▸ What to do: Take nothing but the lines from the one with "Impressive collection of" through the one with "Members of the" in the entries below, both ends kept, and return them exactly with pictures left out.
Provided entries Block Start
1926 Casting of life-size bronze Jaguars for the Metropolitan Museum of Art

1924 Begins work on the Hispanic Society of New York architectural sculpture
Provided entries Block End
Provided entries Block Start
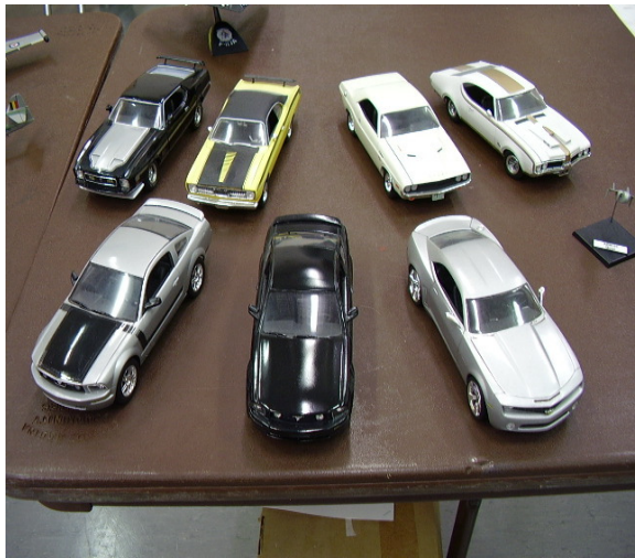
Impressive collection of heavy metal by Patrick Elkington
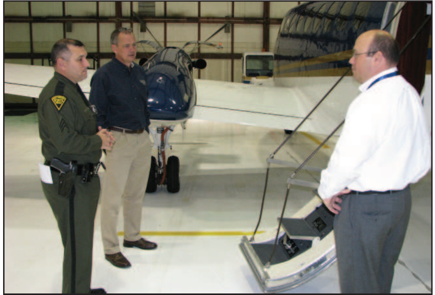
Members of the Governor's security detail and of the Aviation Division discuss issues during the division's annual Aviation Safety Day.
Provided entries Block End
▸ Output for this task:
Impressive collection of heavy metal by Patrick Elkington
Members of the Governor's security detail and of the Aviation Division discuss issues during the division's annual Aviation Safety Day.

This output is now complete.